O de cómo el exceso de perfeccionismo es un mal compañero en muchos aspectos de la vida.
Como las historias anteriores, ésta está situada en la época posterior a la muerte de mi madre, tiempo en el que mi padre y yo tuvimos que aprender de nuevo a convivir desde una perspectiva diferente. Teníamos estresantes añadidos que dificultaban la adaptación a la nueva situación vital, como el hecho de haber heredado la casa con todas sus labores domésticas añadidas para nosotros dos solos.
Uno nunca sabe cuánto es capaz de hacer una madre hasta que no te falta. Yo era incapaz de llevar adelante mis estudios, el trabajo y además realizar las labores domésticas. Me faltaba práctica, rutinas adecuadas, tiempo y sobre todo, ganas, pues no le encontraba yo nada positivo a aquello de pasar el polvo, la mopa, la fregona y otros quehaceres habituales en un hogar.
Lo bueno era que mi padre tenía la costumbre desde que se jubiló de ayudarle a mi madre realizando alguna pequeña tarea y continuó colaborando una vez que ella se fue, en parte por no aburrirse y en parte por echarme a mí un cable, que se ve que se me veía agobiada.
Y sí, me ayudaba, pero se relajó bastante en sus costumbres, porque no creo que estando mi madre viva le permitiera lo que él pretendía que yo le pasase. Y fue lo siguiente:
Un día al volver a casa, entraba la luz de la tarde por la ventana del salón y se veía cómo brillaban los muebles por efecto y gracia del paso diario del trapo del polvo. La mesita de centro, el mueble de la tele, el armario… ¿El armario? Me acerqué para observar más de cerca algo que me pareció raro: las baldas brillaban sólo de las figuritas en adelante. De las figuritas hacia atrás se iba acumulando una capa de polvo…
Cuando vino mi padre, hablé con él muy seriamente y me dijo que él no iba a estar todos los días moviendo las figuritas para limpiar el polvo y yo le dije que para eso, que mejor que no hiciera nada.

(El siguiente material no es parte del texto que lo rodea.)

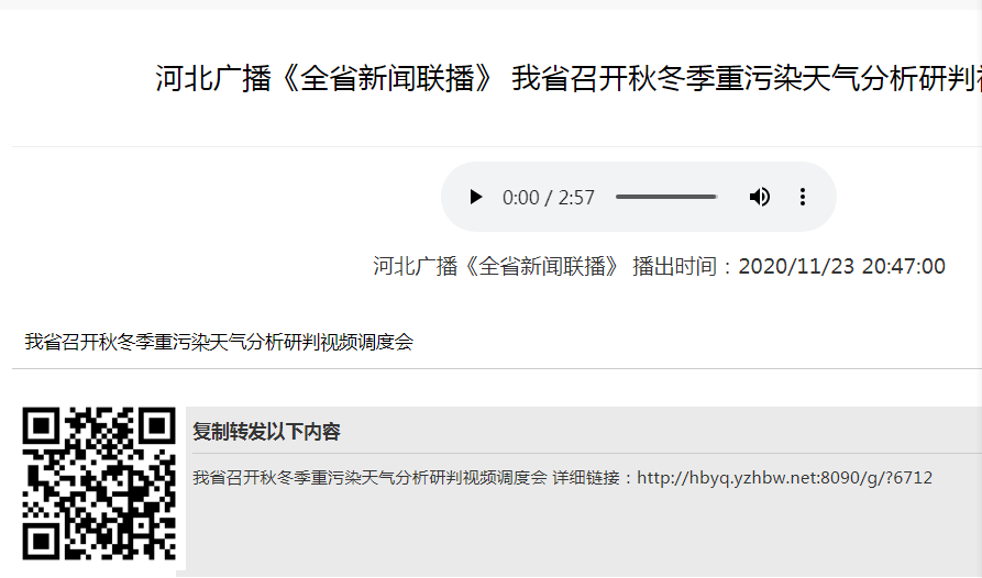 河北综合广播《全省新闻联播》:我省召开秋冬季重污染天气分析研判视频调度会,燃煤和机动车污染增加为上一轮重污染天气主要原因 来源:省生态环境宣传教育中心 时间:2020-11-26

Y efectivamente, hizo lo que le dije, dejó de limpiar el polvo.
Y yo inmediatamente me di cuenta de que algo había hecho mal…
Hay momentos en la vida en los que uno tiene que adaptarse a las circunstancias que llegan. Cuántas veces vivimos con un estrés innecesario, metidas en nuestro papel de “superwoman” o de “supermanes”, pretendiendo además que las personas que vivan con nosotros entren en la misma rueda de “elogio al perfeccionismo” pretendiendo lo imposible. ¿Cuántos conflictos innecesarios creamos en casa por pretender llegar a donde es materialmente imposible? ¿Son necesarios?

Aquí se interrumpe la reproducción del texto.